The Court's Memorandum Opinion and Order set out the probation officer's rationale, believing that the $3,172.04 was derived from drug proceeds.

It appears he maintained his business for distributing controlled substances as several controlled substances were located by law enforcement at his business on two occasions, he had no business license, and labor department records reflected he had no wages since July of 2005. Additionally, surveillance was conducted at the business revealing several people would arrive at this business and leave within five minutes which is a common indiction of drug trafficking. Also there was a lack of business activity/records found during the search of the business and there was a minimal amount (approximated less than $27,200) of reported gross business receipts to the New Mexico Taxation and Revenue Department.

[Doc. 23, at 7-8].

As earlier indicated, Chavez took no exception to the report and filed no objection to the foregoing factual representations. It is not just that the $3,172.04 was seized, but Probation Services clearly and unequivocally noted that the money seized was believed to be derived from drug proceeds. Chavez's failure to challenge the factual representation in the Presentence Report constitutes an acquiescence in the statement. See United States v. Powell, 320 F. App'x 842, 844 (10th Cir. Apr. 7, 2009) (unpublished).

Chavez continues to assert that there is evidence demonstrating that the Defendant Funds of $3,172.04 are related to a legitimate source rather than criminal activities. Chavez urges that these monies can be traced from a refinance of a home and that this paperwork was given to the government before Chavez's sentencing in the related criminal proceeding. [Doc. 26, at 3.] The government observes that if this was Chavez's position, he should have attached that documentation either to his amended motion to set aside default judgment or his reply. However, if he had done so, the government further argues that Chavez "would have placed himself in the unusual position of directly contradicting his admission in his Plea Agreement that the $3,172.04 Defendant Funds were part of the `facts related to the charges against [him]' for possession with intent to distribute cocaine." [Doc. 31 (citing Doc. 22 in 10cr3454, at 2, 3-4).] After a careful review of the Plea Agreement, the Court agrees with the government. Moreover, Chavez's attempt to distinguish the terms "seized" and "derived from" in the Plea Agreement are unpersuasive. The Plea Agreement included the Defendant Funds as part of the plea negotiation terms entered into by Chavez with the government. [Doc. 22 in 10cr3454, at 2, 3-4.]

Conclusion

Relief under Rule 60(b) is "extraordinary and may only be granted in exceptional circumstances," Smith v. United States, 561 F.3d 1090, 1097 n. 8 (10th Cir. 2009) (citation and quotation omitted), cert. denied, 130 S.Ct. 1142 (2010). See Rogers v. Andrus Transp. Serv., 502 F.3d 1147, 1153 (10th Cir. 2007) (same). Chavez's motion to reconsider does not present the type of extraordinary or exceptional circumstances that give rise to Rule 60(b) relief. Accordingly, the Court determines that Chavez failed to establish appropriate grounds to warrant relief under Rule 60(b)(1).
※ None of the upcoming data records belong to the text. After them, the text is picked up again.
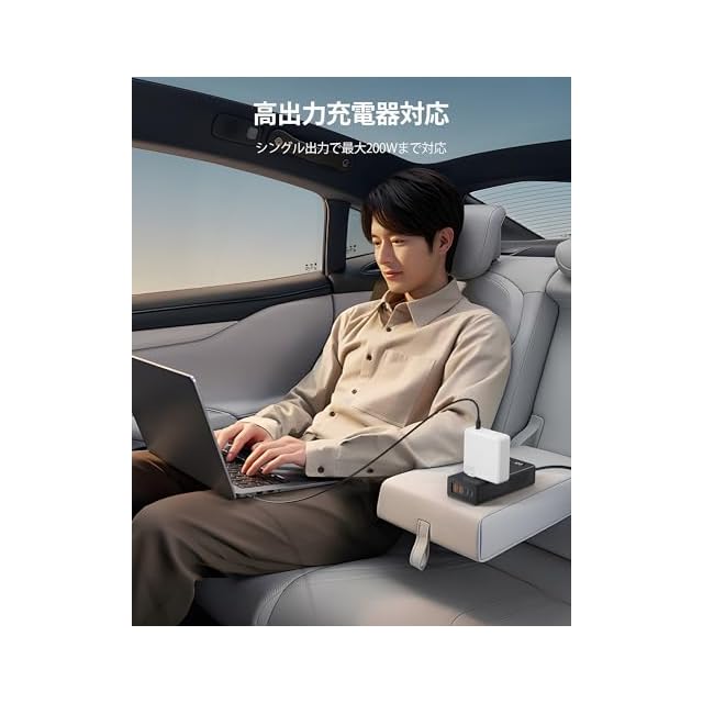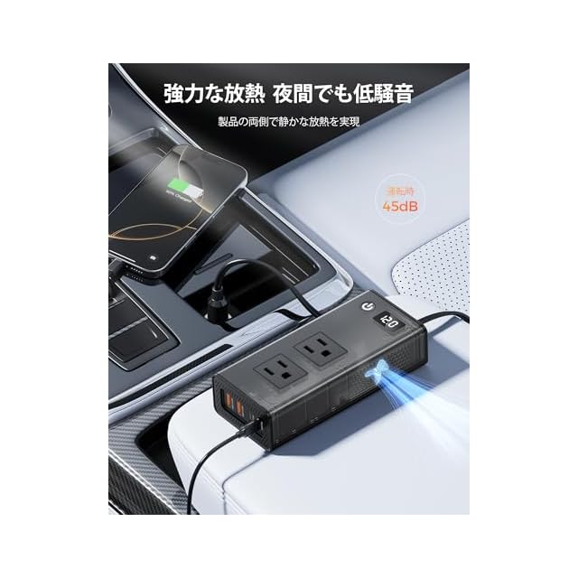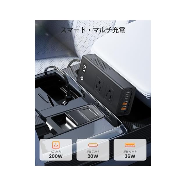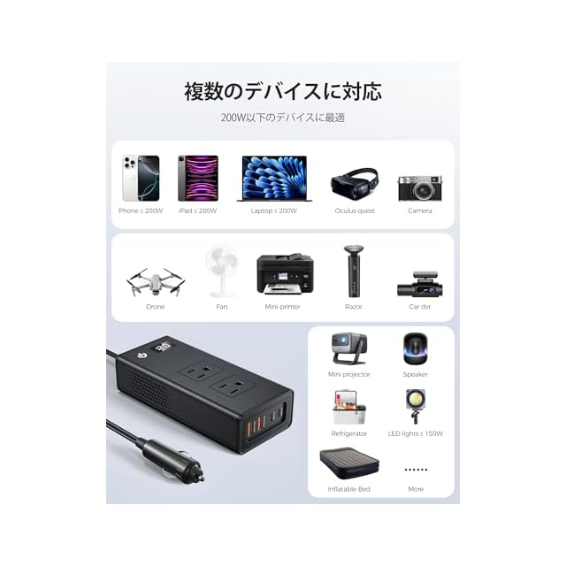 【200W シガーソケット コンセント】車載インバーターには、日本の標準ACソケット2つとUSB A充電ポート2つ、USB C充電ポート2つが装備されており、DC 12VからAC 110Vへのコンバーターは最大200Wの電力を供給でき、ノートパソコン、タブレット、携帯電話、iPad、その他の電子機器の充電に最適です。
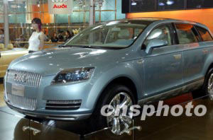 七月中在長(zhǎng)春舉行的汽車博覽會(huì)上,價(jià)值二點(diǎn)七億元人民幣的奧迪概念車首次亮相。中新社記者:趙振清
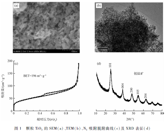 實驗所用工業廢水取自湖北大冶某金屬冶煉廠,其中砷濃度高達(2 590士295) mg / L。研究中所用顆粒TiO2為實驗室利用工業級TiOSO4混合PVA(聚乙烯醇)通過水解合成。具體方法為:將300 gTiOSO4溶于2L去離子水中,在4℃冰水浴中機械攪拌條件下,用5 mol / L NaOH調節pH至7. 5,然后用去離子水洗滌至電導率小于100 μS / cm,得到偏欽酸漿液。將偏欽酸漿液與PVA ( 3. 3 %,質量分數)按質量比10 : 1混合,在90℃水浴條件下混合均勻并烘干,最后研磨過篩得到40一60目(0.25一0. 42mm)顆粒TiO2。合成的顆粒TiO2形貌如圖1(a)、(b)所示,其顆粒尺寸為5 nm。 BET表征結果表明顆粒TiO2比表面積為196 m2 / g(圖1(c))。 XRD結果表明TiO2主要以銳欽礦的形式存在(圖1(d))。
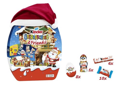 Kinder Surprise: mléčná čokoláda 47 % (cukr, sušené plnotučné mléko, kakaové máslo, kakaová hmota, emulgátor: sojové lecitiny, vanilin), sušené odtučněné mléko (17 %), cukr, rostlinné tuky (palmový, bambucké), emulgátor: sojové lecitiny, vanilin.
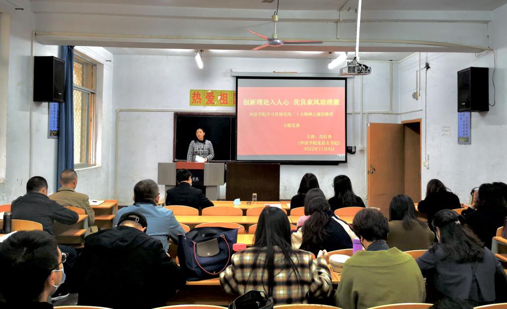 为认真学习贯彻党的二十大精神,落实“351”廉洁教育精品工程要求,进一步强化广大教职工,特别是党员干部传承优良家风,让社会主义核心价值观和中华传统文化人脑入心,更好地营造廉洁从教的良好氛围,促进事业高质量发展。11月9日,yL23411永利官网登录党总支书记肖红香在6108教室为yL23411永利官网登录党员、全院教职工上了一堂主题为“创新理论入人心,优良家风助清廉”的生动党课。
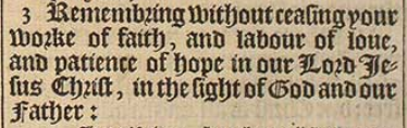 3 Remembring without ceasing your worke of faith, and labour of loue, and patience of hope in our Lord Iesus Christ, in the sight of God and our Father:
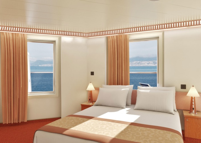 | 6K - Vonkajšia kajuta Grand Scenic 29 m². Veľké panoramatické neotvárateľné okná. 9. paluba vpredu. | 1 378 € 689 € za osobu |
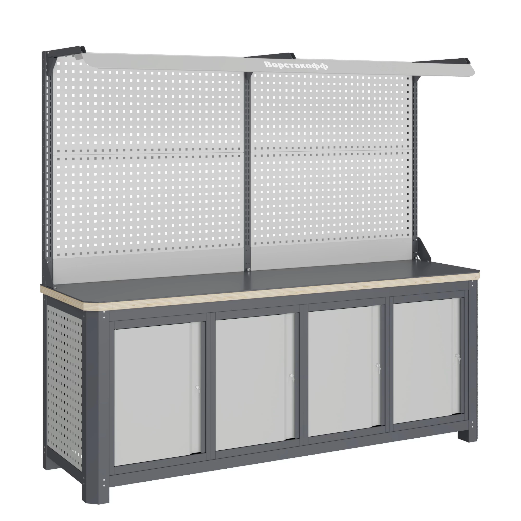 По желанию верстак дополнительно оборудуется полочками, навесными шкафами, держателями, крючками, блоками розеток и другими приспособлениями для комфортной организации рабочего места.
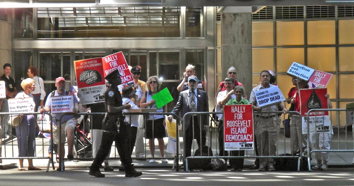 UPDATE 11:20 PM – The Albany Times Union Capital Confidential Blog covered the Roosevelt Island Democracy Protest too:
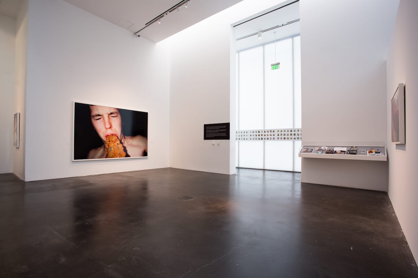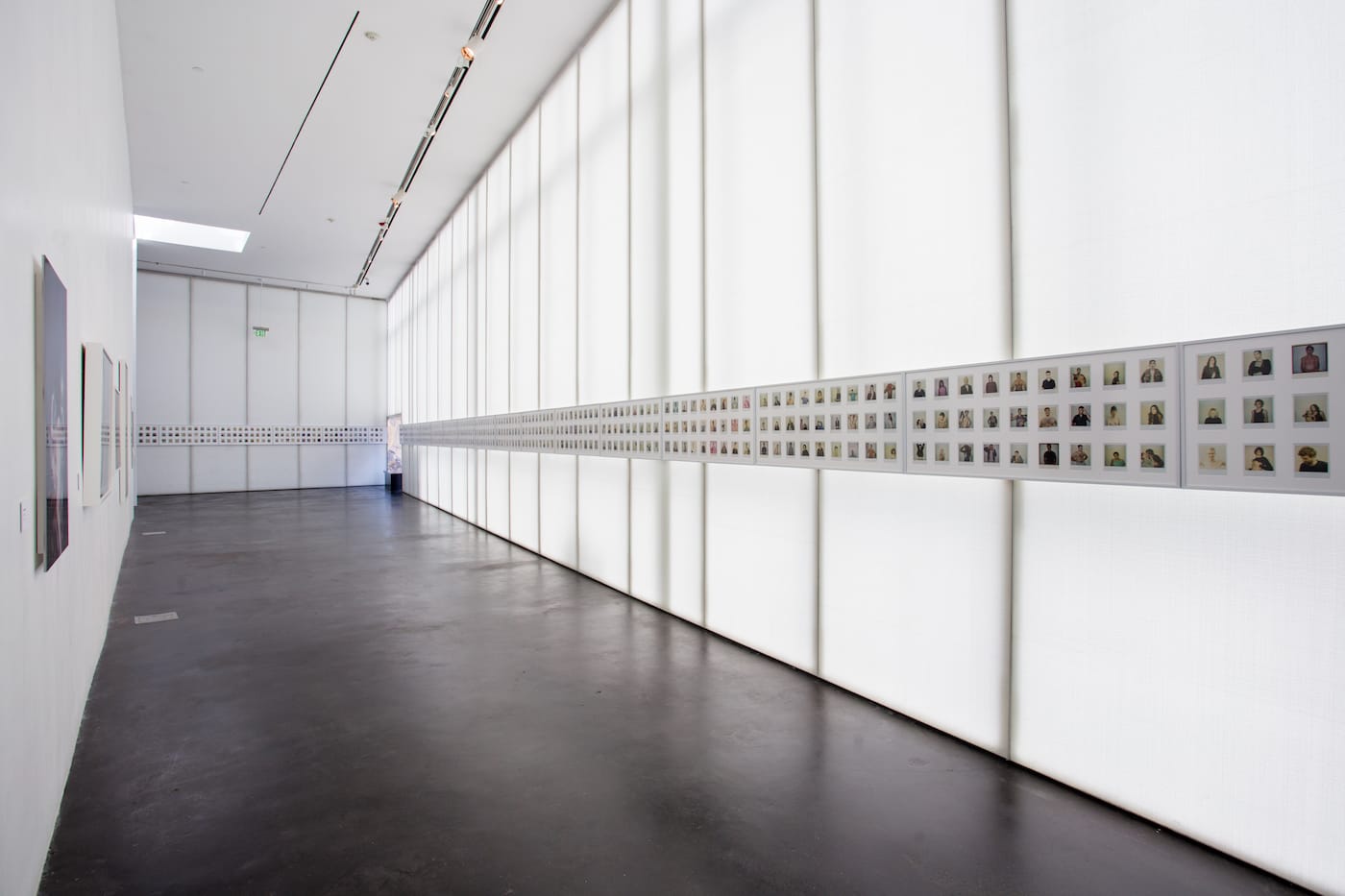 In 1999, the artist started documenting every visitor to his apartment: family, friends, himself, as well as others he met when out at night. He produced more than 10,000 Polaroids in less than five years, each labeled with the name of his subject and the date. In nearly every photo, the subject is set against a stark white wall. Even when the shots were taken on the roof of his apartment building or out at a bar, McGinley brought a large white screen to “stage” them. This controlled context enables each subject’s personality to become more pronounced: people pose, flex, or barely endure the photo request. These Polaroids wrap the second floor of the MCA Denver, accompanying the visitor from one gallery space to the next. The consistency of the single figure photographed from the waist up with the same background also allows McGinley’s inner circle to be easily identified, given their reoccurring presence in the series.

IT IS THEREFORE ORDERED that Chavez's Motion for Reconsideration [Doc. 26] is DENIED.

FootNotes


1. It is true that Chavez omitted recitation in his motion that he made a good-faith request for concurrence in accordance with D.N.M. LR-Civ 7.1(a). While a motion may be summarily denied under such circumstances, the Court declines to deny the motion on that basis alone and proceeds to consider the motion on the merits. Chavez is advised that he must comply with D.N.M. LR-Civ 7.1(a) in future instances and that failure to do so could result in summary dismissal of his motion.
2. The Court listened to the plea colloquy in its entirety. However, by virtue of the present claim that these funds were specifically excluded from the plea proceeding in order to allow Chavez to pursue his claim separately, the Court ordered preparation and filing of the change of plea proceeding. The transcript is now available for the parties' and appellate review. [Doc. 27.] The transcript refutes Chavez's claim that the funds were to be returned to him or that he was preserving an opportunity to challenge the forfeiture. Nothing in the transcript supports Chavez's argument to this effect.